De comum entre as duas passarelas, uma cidade que é pensada e planejada a partir da lógica dos interesses imediatistas de segmentos poderosos da sociedade, uma cidade onde a preservação e valorização do seu patrimônio cultural é apenas um efeito colateral da subjugação a esses interesses e não um fim em si mesmo.
E assim vamos acumulando prejuízos aos longos desses 4 séculos, sempre sob o falacioso discurso do progresso e do desenvolvimento, como se passado e presente fossem dissociáveis e inconciliáveis.


A Aapbel e outras entidades de defesa do patrimônio foram convidadas para uma reunião no Comando Militar do Norte no último dia 22.12. Ainda que ressaltemos a gentileza da atitude e termos alimentado a expectativa de sermos ouvidos, a reunião serviu apenas para que os responsáveis pela Escola Militar expusessem o projeto da escola e os benefícios que a mesma trará para a cidade, mostrando-se irredutíveis em repensar o projeto de colocar uma passarela dentro do imóvel, interceptando visualmente o bem tombado e provocando sua parcial descaracterização.  Para os dirigentes da nova escola, o equipamento é uma questão de segurança para as crianças e jovens que se deslocarão entre um prédio e outro para realizar algumas atividades curriculares.
A sociedade está fazendo sua parte, ao lutar contra a degradação e pela preservação e valorização do seu patrimônio e exigir dos gestores públicos mais respeito à nossa memória.
A Aapbel apresentou denúncia à Promotoria de Meio Ambiente e Patrimônio Cultural e a Associação Cidade Velha, Cidade Viva também fez representação junto à Promotoria de Moralidade e Patrimônio Público, questionando a razoabilidade da obra de uma passarela a poucos metros de uma já existente.
A Promotoria de Meio Ambiente e Patrimônio Cultural, através da promotora Ângela Balieiro abriu inquérito administrativo e já pediu informações à SECULT, à SEURB e à SEMOB.
Leia mais aqui: http://aapbel.blogspot.com.br/2015/12/presente-de-grego-pra-belem-400-anos.html

O direito à paisagem constitui-se um dos elementos mais importantes da identificação de um indivíduo com a vida da cidade.
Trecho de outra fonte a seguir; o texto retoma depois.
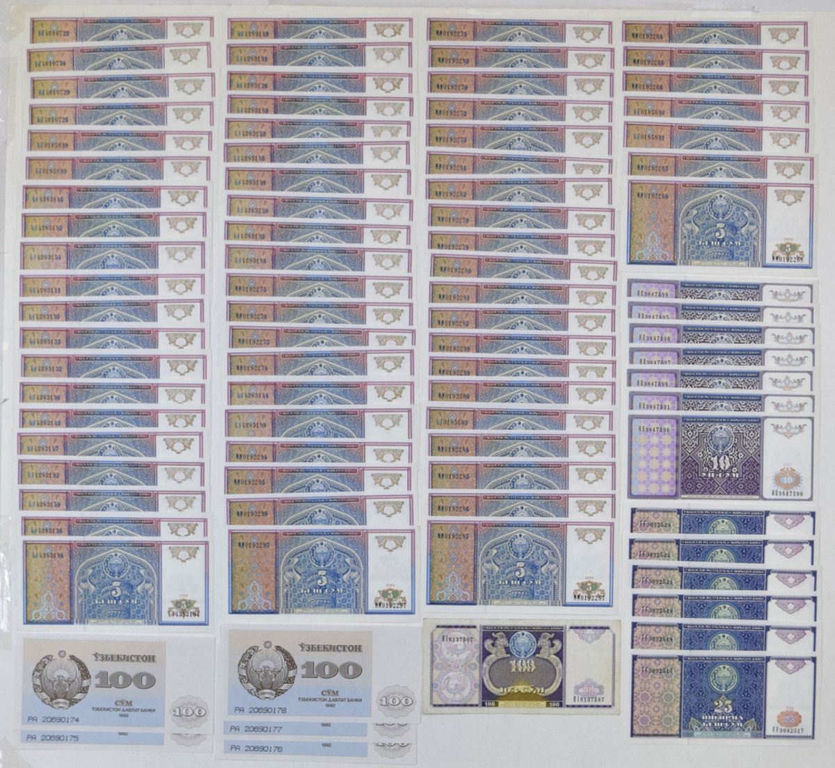 Uzbekistan, 1992 (1993)-94. Lot of 80 Issued Banknotes, Includes: Bank of Uzbekistan, 1992 (1993), 100 Sum, P-67a (5), Sequential Notes, H& S; Central Bank of Uzbekistan, 1994, 5 Sum, P-75a (61); 1994, 10 Sum, P-76a (7) Sequential Notes; 1994, 25 Sum, P-77a (6), Issued Banknotes; 1994, 100 Sum, P-79a. All but 1 note is in Uncirculated to CU condition . (80). Sold "AS IS" no returns accepted.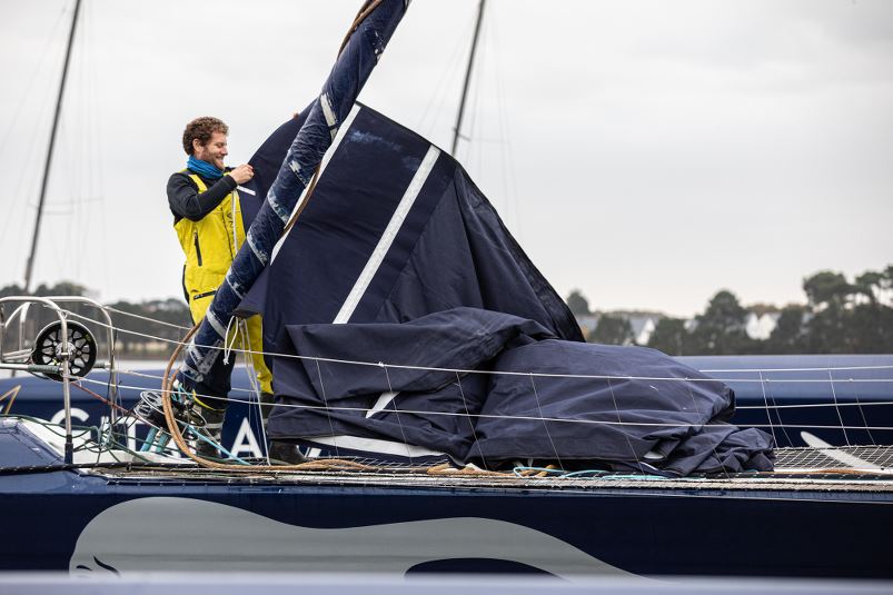 Credited with an 18-mile lead over the Coville-Nélias duo at 15:00 UTC yesterday, this Tuesday at the same time, the Maxi Edmond de Rothschild was some 66 miles ahead of Sodebo Ultim’. Completing the trio making up the Ultime category, Prince de Bretagne is struggling somewhat with a 295-mile deficit in relation to Gitana 17. This figure can be explained by the differences in size and the technology aboard the two trimarans, but also the crew announced this morning that they’d snapped the mainsail halyard as the front rolled through. This damage isn’t damning for the next stage of the race, but Lionel Lemonchois and Bernard Stamm will be handicapped over the coming hours.

O enfeiamento da cidade é a destruição da sua identidade e portanto, contribui para a degradação do próprio conceito de cidadania.
Hoje, aniversário da cidade, a atual gestão da Prefeitura de Belém sem nada de significativo para inaugurar e que possa ser chamado de seu, incluiu a inauguração da Escola Militar de Belém na programação oficial da comemoração dos 400 anos de Belém, a cidade merece bem mais do que isso! Merece a Escola Militar, mas não merece ser subjugada às vaidades e aos caprichos de suas elites governantes, outros 400 é possível!